Tartt’s group of six lives by this mantra. They love beauty, yearn for it, and revere it. To Richard’s and our eyes they are viewed as ethereal, dripping in wealth, chic and smart, more cultured than their contemporaries, just so effortlessly cool. They would live and die for it, and so they do.
And now, for a quick anecdote. It is relevant, I promise.
Frank Herbert first published Dune in 1965. A cautionary tale, Dune critiques religiosity and blind devotion, warning readers about power, control, and admiration. To quote Frank Herbert; “the bottom line of the Dune trilogy is: beware of heroes. Much better to rely on your own judgment, and your own mistakes”. Instead of heeding his warning, readers fell in love with Paul Atreides, the protagonist. Staring this misunderstanding in its face, Frank Herbert released his 1969 sequel titled Dune: Messiah, Herbert crafted this book to express his messages on power, idolatry, and obtuse vernation with a significantly more overt hand. He says; do not fall for the pretty words of the elite, think for yourself. Few can read Dune: Messiah without coming away with that exact idea.
I implore Tartt to follow in his footsteps, not purely because I yearn for more of Tartt’s stunning writing (although I do), but because of the broad popular inability to grasp the themes of The Secret History. At its core, The Secret History critiques the aesthetic of intellectualism. And, in Tartt’s efforts to explore this theme, the book became a crucial aspect of that very aesthetic. I’m sure you’ve seen it; smooth jazz accompanied by soft singing in a Romance language (often French or Italian), dark wood and low light, a scattering of candles, stacks of classic novels; the works of Austin, Dostoevsky, Nietzsche. It’s all ribbons, Mary Janes, essays written in scrawled, cramped handwriting, Baroque paintings, black coffee and nothing more vivid than a deep ocean blue. The domain of dark academia – Donna Tartt its reigning queen, The Secret History its eternal constitution.
Some try to co-opt the dark academia aesthetic, not realizing that in the process they are reaching for a paperthin illusion. These characters are not cool, or chic, or a tightnite group of elegant geniuses.
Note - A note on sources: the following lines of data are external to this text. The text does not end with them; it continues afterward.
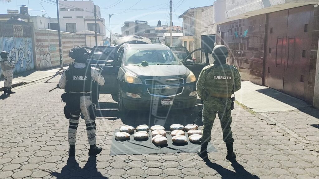 La Guardia Nacional y el Ejército Mexicano lograron interceptar una camioneta Chevrolet Traverse con 13 paquetes de sustancias ilícitas, presuntamente marihuana, en la calle 5 de febrero norte, esquina con Ayuntamiento, en el barrio de Tlaltepango, San Pablo del Monte durante esta tarde.
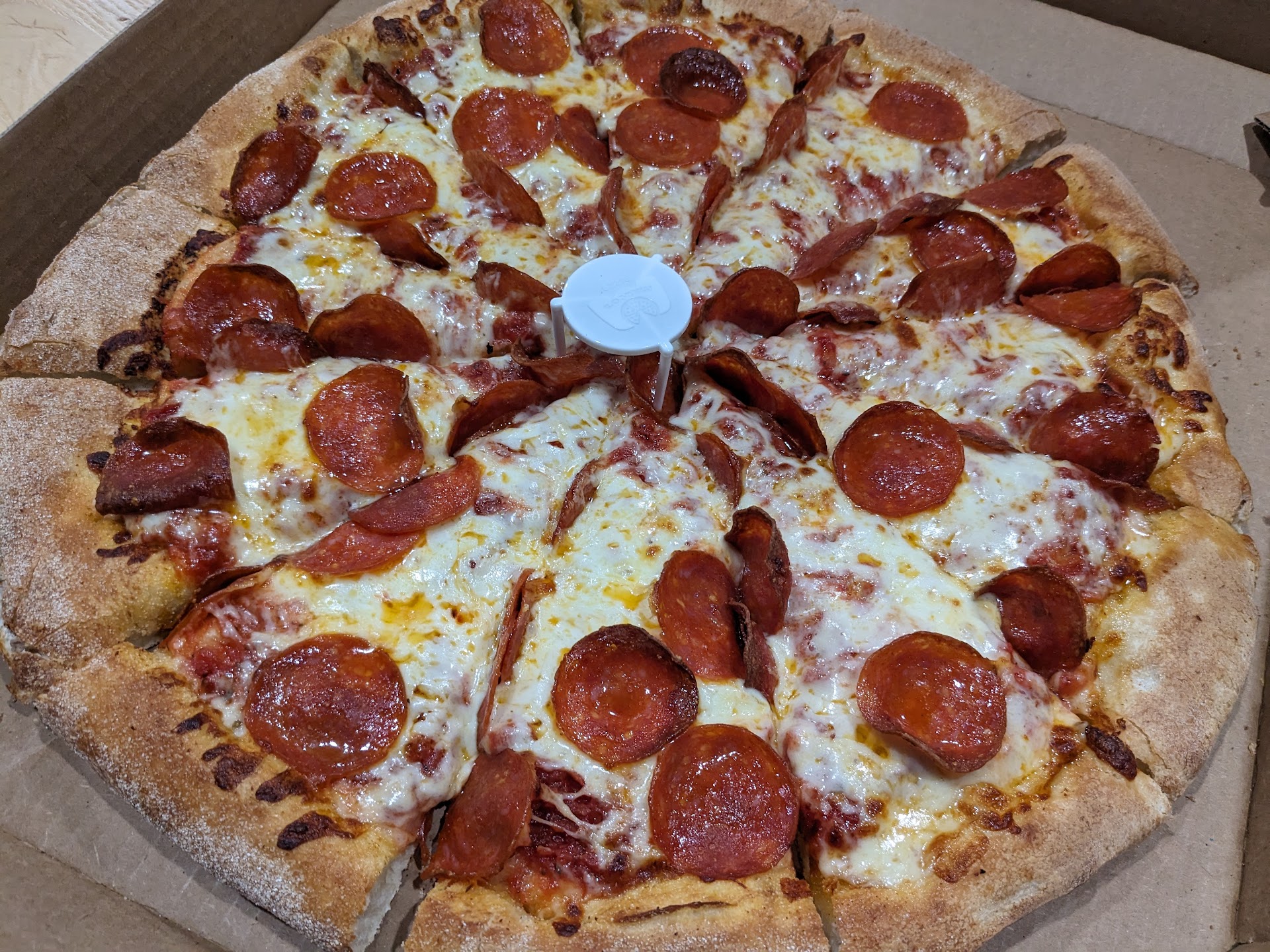 The last time we ordered from this location, I got a large ham and onion pizza. It had 4 (FOUR) little slices of ham on it. It looked like someone took a round slice of Canadian Bacon and cut it into quarters. It was just sad that that’s how they sent it out to a customer.
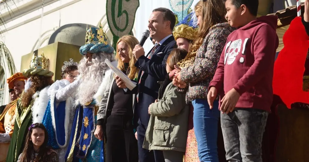 Los Reyes Magos y el cortejo Real fueron recibidos en el Atrio del Ayuntamiento por el alcalde, David de la Encina, y los miembros del equipo de Gobierno y se procedió a la adoración del Niño Jesús.
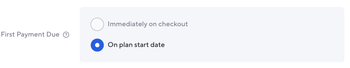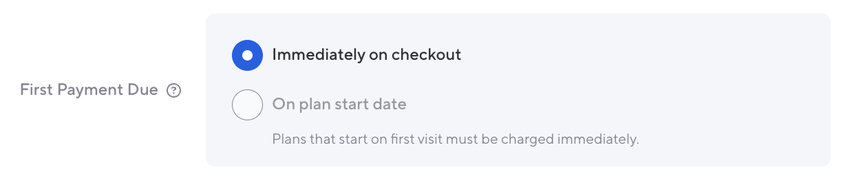 First payment due On plan start date: Clients will be charged the day their plan starts. Based on the previous setting, this will be the date chosen by the client.
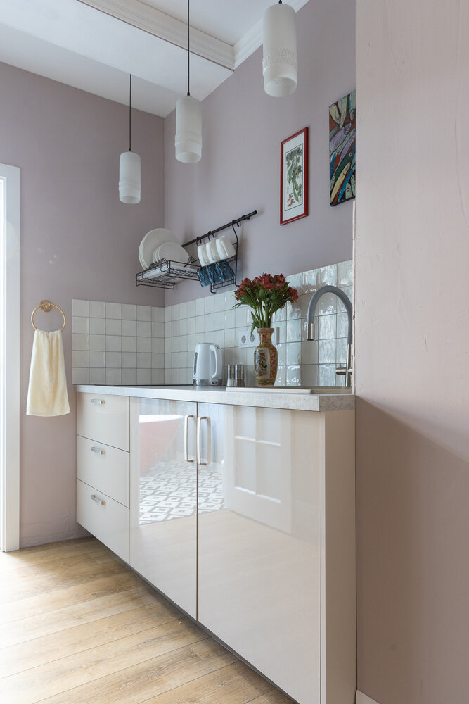 Фотография: Кухня и столовая в стиле Эклектика, Малогабаритная квартира, Квартира, Проект дня, 2 комнаты, до 40 метров, Коломна, современный с элементами классики и минимализмом, Арина Олесюк, Олеся Карпова – фото на INMYROOM
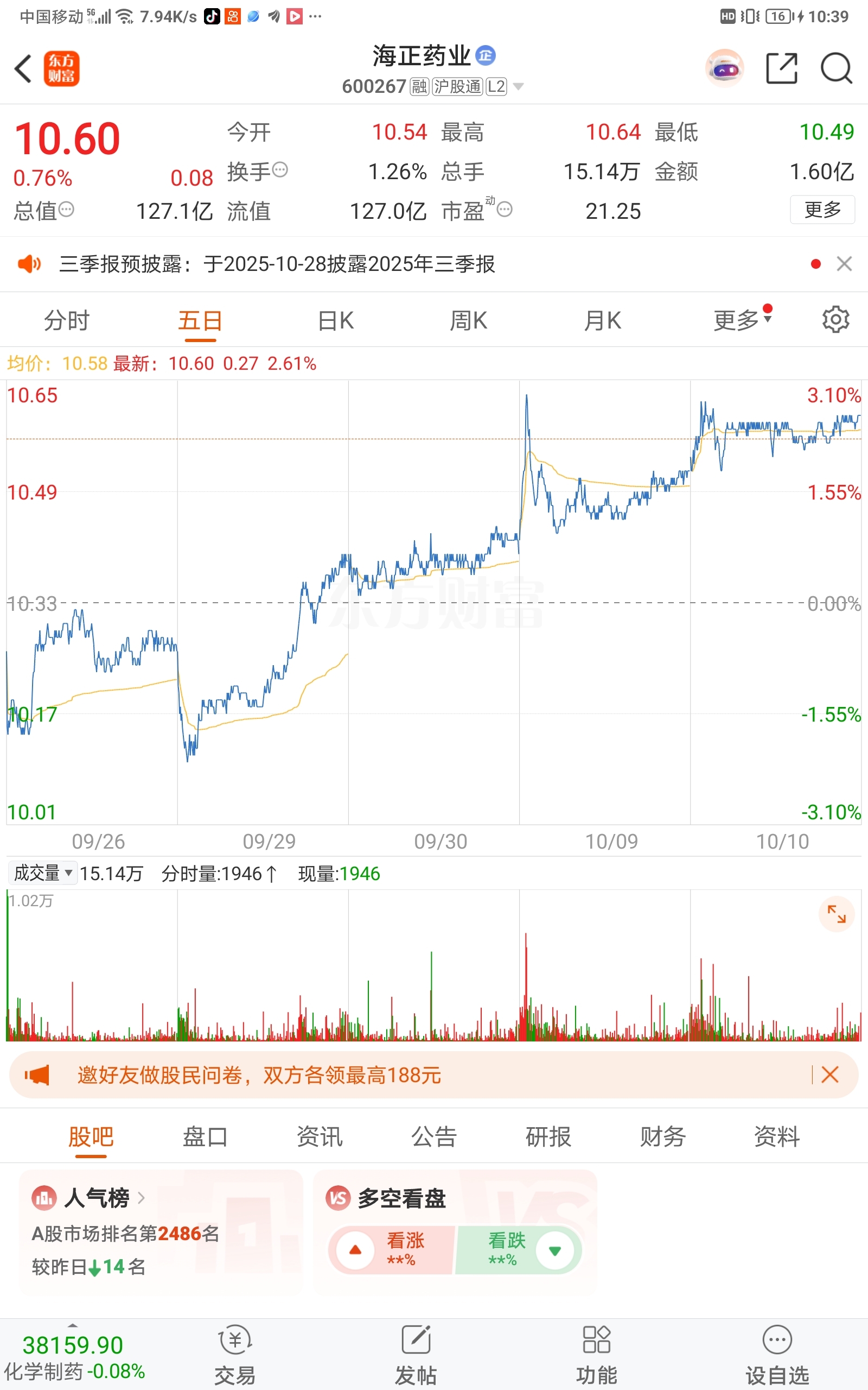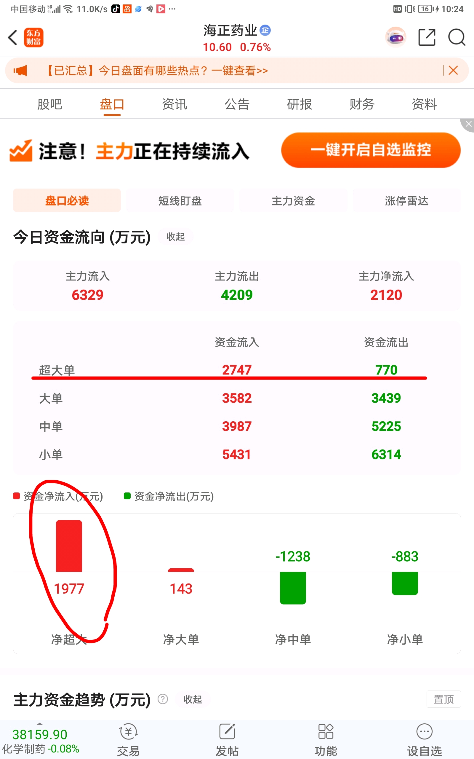 说实话今天主力有点硬朗,在大盘满山绿+指向的坑虫爹积极砸盘的情况下还能坚持,说明主力已经很看好海正了。
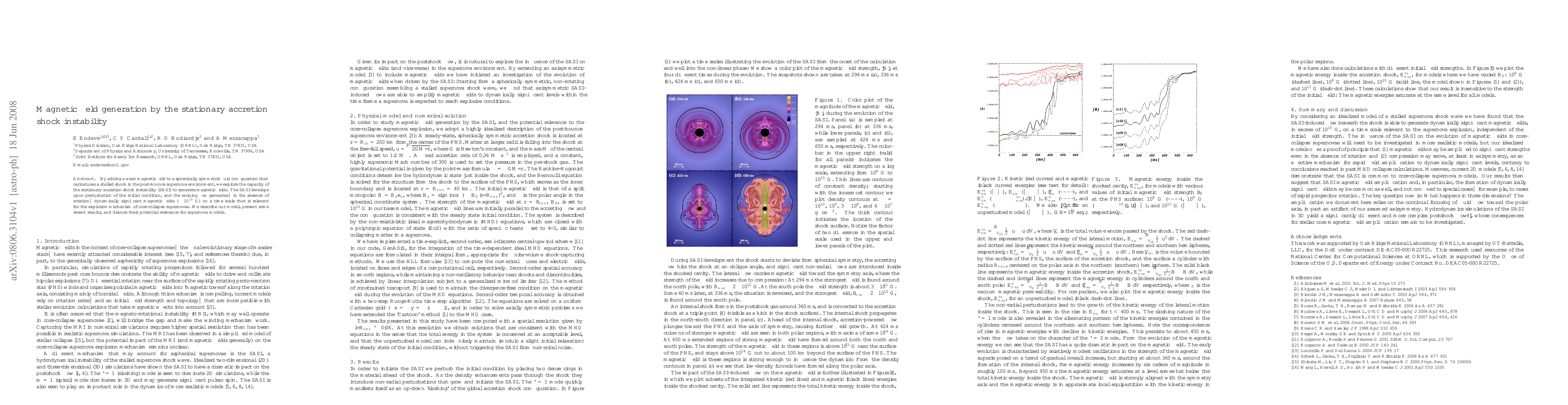 By adding a weak magnetic field to a spherically symmetric fluid configuration that caricatures a stalled shock in the post-bounce supernova environment, we explore the capacity of the stationary accretion shock instability (SASI) to generate magnetic fields. The SASI develops upon perturbation of the initial condition, and the ensuing flow generates--{\em in the absence of rotation}--dynamically significant magnetic fields ($\sim 10^{15}$ G) on a time scale that is relevant for the explosion mechanism of core-collapse supernovae. We describe our model, present some recent results, and discuss their potential relevance for supernova models.
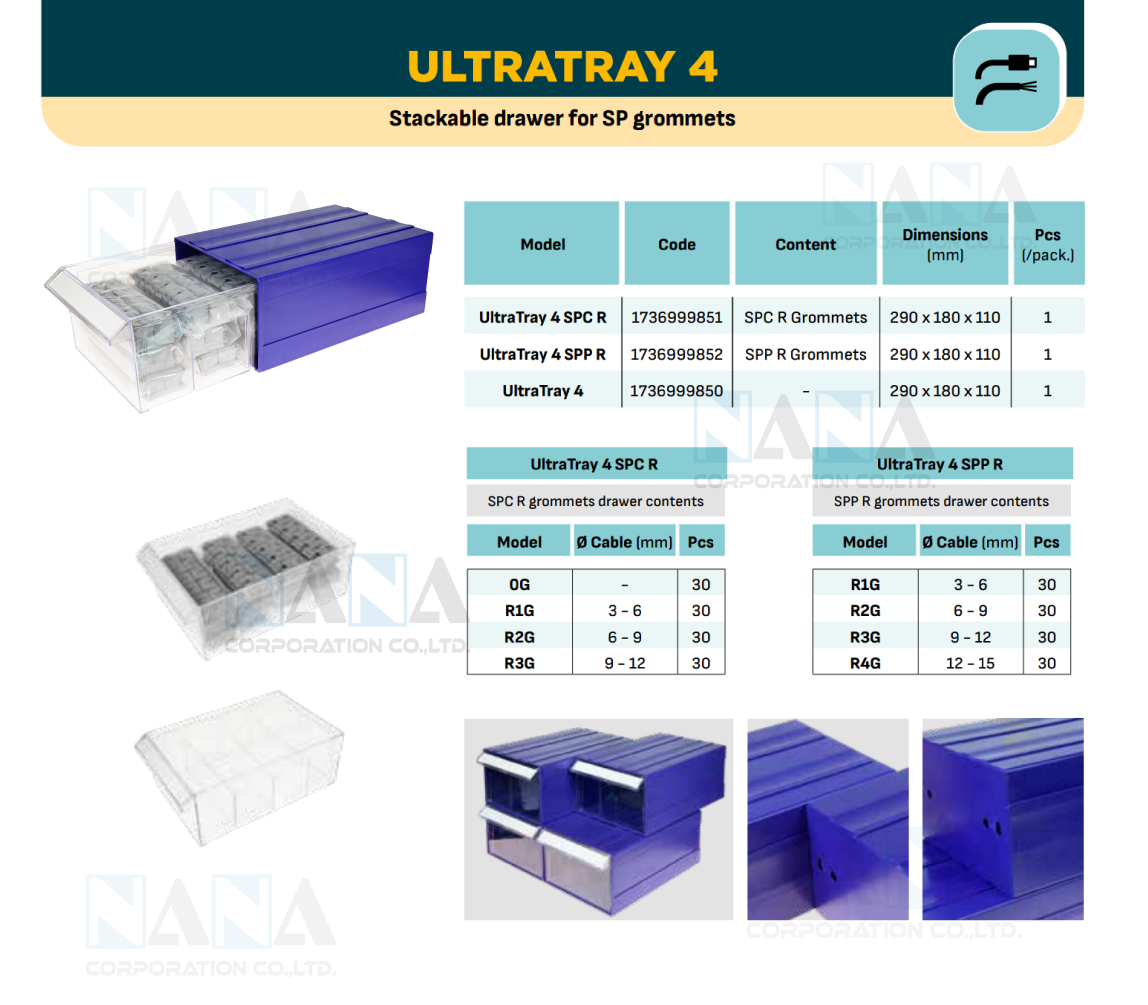 Stackable drawer for SP grommets. Practical drawer containing 120 SPC R or SPP R series grommets, divided into 4 internal compartments for orderly management.
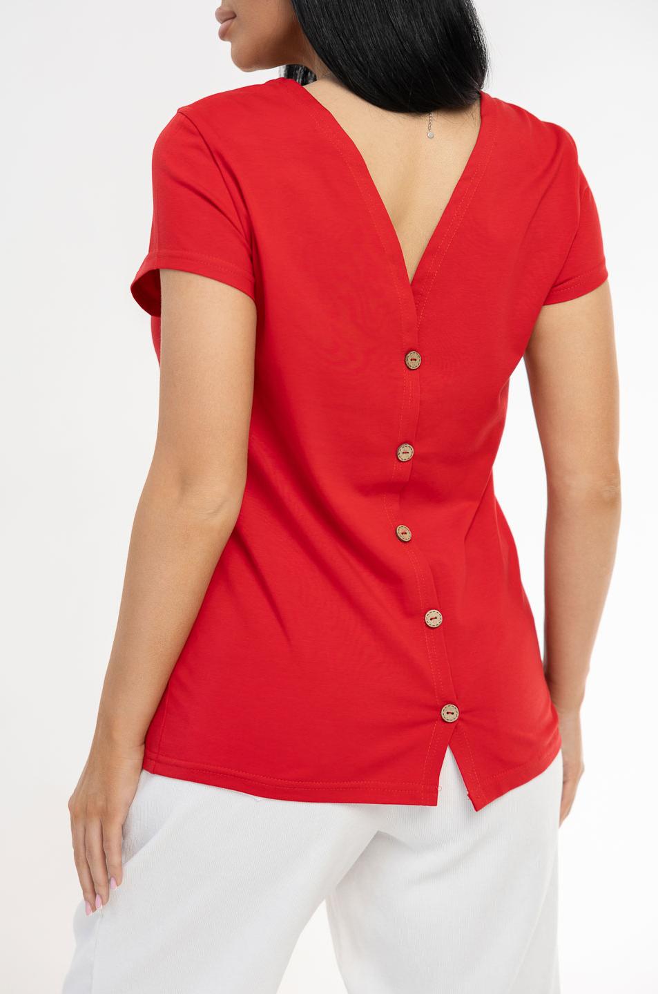 Футболка с оригинальным кроем, спинка выполнена на запах с фальшивой застежкой на пуговицы. Изделие представлено в нескольких базовых цветах.

They are murderers, people who hate each other and bury their secrets from one another, yearning for beautiful purity at all costs. To readers of Dorian Gray: sound familiar? And the lovers of the aesthetic — the pretty things and world, the prose and ideas Tartt’s characters explore — do exactly what Tartt warned against: they are seduced by aesthetics. Just like Herbert fans loved Paul Atreides, Donna Tartt fans love dark academia – and in the process, they ignore the silver platter piled high with caution. Do not live for others’ consumption, for you will destroy yourself.